RECORDS:
┄┄┄┄┄┄┄┄┄┄┄┄┄┄┄┄┄┄┄┄
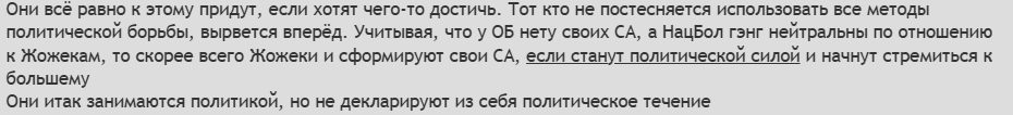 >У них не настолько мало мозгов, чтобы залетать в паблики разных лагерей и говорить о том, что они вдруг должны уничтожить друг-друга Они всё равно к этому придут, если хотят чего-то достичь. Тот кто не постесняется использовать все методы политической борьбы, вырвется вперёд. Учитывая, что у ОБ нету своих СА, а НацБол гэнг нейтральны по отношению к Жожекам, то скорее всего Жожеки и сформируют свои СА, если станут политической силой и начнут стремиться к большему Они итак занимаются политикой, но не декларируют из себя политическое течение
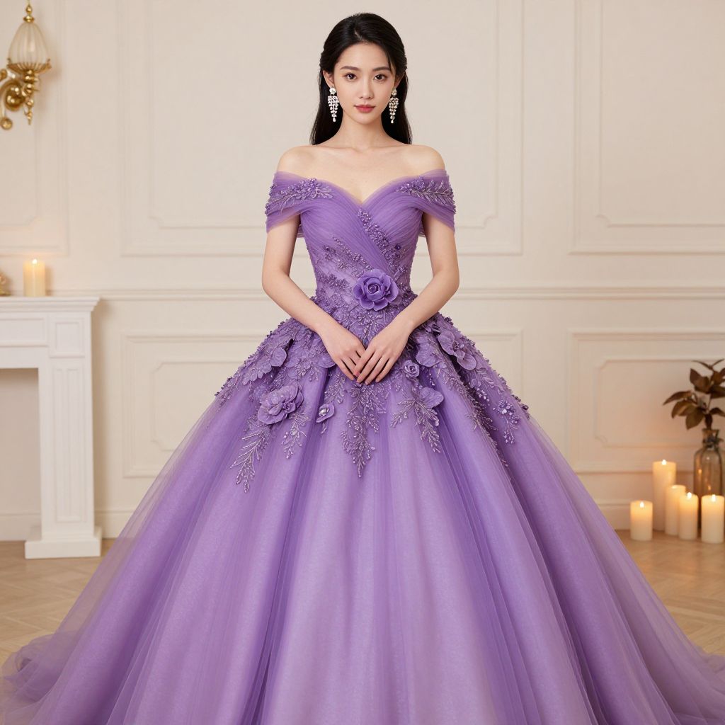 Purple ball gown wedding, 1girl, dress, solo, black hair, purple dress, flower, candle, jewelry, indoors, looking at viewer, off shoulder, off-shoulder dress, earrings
┄┄┄┄┄┄┄┄┄┄┄┄┄┄┄┄┄┄┄┄
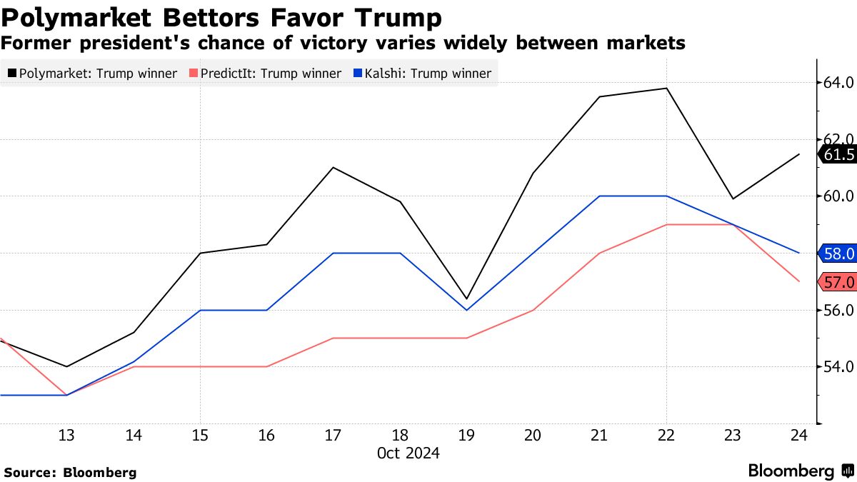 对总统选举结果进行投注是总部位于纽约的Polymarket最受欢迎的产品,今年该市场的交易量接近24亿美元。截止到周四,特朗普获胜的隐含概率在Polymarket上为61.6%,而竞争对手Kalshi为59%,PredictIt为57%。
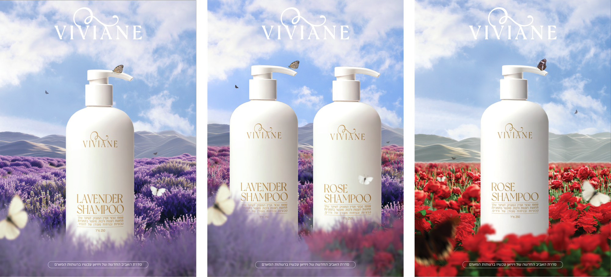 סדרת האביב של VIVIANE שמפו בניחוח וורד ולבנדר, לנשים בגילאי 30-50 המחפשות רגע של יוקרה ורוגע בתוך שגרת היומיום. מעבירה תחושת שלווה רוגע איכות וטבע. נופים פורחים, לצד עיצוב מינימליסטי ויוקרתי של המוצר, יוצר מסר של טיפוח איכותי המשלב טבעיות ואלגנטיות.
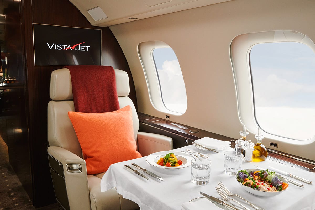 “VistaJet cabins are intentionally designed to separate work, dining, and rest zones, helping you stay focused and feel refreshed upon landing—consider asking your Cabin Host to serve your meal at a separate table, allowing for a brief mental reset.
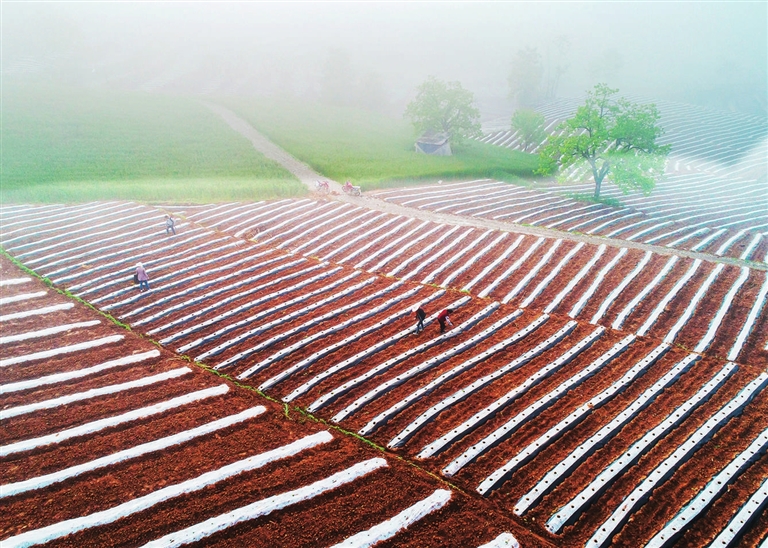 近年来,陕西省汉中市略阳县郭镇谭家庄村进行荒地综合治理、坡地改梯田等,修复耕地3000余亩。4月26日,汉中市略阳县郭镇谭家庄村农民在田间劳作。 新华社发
┄┄┄┄┄┄┄┄┄┄┄┄┄┄┄┄┄┄┄┄
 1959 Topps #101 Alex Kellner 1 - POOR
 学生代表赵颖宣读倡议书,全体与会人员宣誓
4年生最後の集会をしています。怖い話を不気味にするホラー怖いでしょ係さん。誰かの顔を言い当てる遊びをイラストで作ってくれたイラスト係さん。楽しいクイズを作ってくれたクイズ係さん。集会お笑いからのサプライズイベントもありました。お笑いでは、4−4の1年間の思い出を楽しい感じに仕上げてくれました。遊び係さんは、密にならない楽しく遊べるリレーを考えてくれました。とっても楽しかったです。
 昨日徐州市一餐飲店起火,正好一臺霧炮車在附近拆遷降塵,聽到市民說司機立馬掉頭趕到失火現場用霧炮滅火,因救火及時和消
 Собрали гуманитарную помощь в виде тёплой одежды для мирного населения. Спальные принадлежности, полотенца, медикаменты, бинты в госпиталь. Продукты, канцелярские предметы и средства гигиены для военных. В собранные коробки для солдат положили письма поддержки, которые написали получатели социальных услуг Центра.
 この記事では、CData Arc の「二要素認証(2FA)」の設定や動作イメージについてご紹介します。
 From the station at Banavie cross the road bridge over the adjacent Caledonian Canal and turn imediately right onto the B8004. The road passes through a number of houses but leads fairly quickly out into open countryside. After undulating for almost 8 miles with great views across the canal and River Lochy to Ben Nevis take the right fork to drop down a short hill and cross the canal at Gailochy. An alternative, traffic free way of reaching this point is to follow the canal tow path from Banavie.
┄┄┄┄┄┄┄┄┄┄┄┄┄┄┄┄┄┄┄┄
Look above for the line with "4年生最後の集会をしています" and the line with "From the station"; transcribe both and all lines in between, exactly, and nothing else.

ANSWER SECTION:
4年生最後の集会をしています。怖い話を不気味にするホラー怖いでしょ係さん。誰かの顔を言い当てる遊びをイラストで作ってくれたイラスト係さん。楽しいクイズを作ってくれたクイズ係さん。集会お笑いからのサプライズイベントもありました。お笑いでは、4−4の1年間の思い出を楽しい感じに仕上げてくれました。遊び係さんは、密にならない楽しく遊べるリレーを考えてくれました。とっても楽しかったです。
 昨日徐州市一餐飲店起火,正好一臺霧炮車在附近拆遷降塵,聽到市民說司機立馬掉頭趕到失火現場用霧炮滅火,因救火及時和消
 Собрали гуманитарную помощь в виде тёплой одежды для мирного населения. Спальные принадлежности, полотенца, медикаменты, бинты в госпиталь. Продукты, канцелярские предметы и средства гигиены для военных. В собранные коробки для солдат положили письма поддержки, которые написали получатели социальных услуг Центра.
 この記事では、CData Arc の「二要素認証(2FA)」の設定や動作イメージについてご紹介します。
 From the station at Banavie cross the road bridge over the adjacent Caledonian Canal and turn imediately right onto the B8004. The road passes through a number of houses but leads fairly quickly out into open countryside. After undulating for almost 8 miles with great views across the canal and River Lochy to Ben Nevis take the right fork to drop down a short hill and cross the canal at Gailochy. An alternative, traffic free way of reaching this point is to follow the canal tow path from Banavie.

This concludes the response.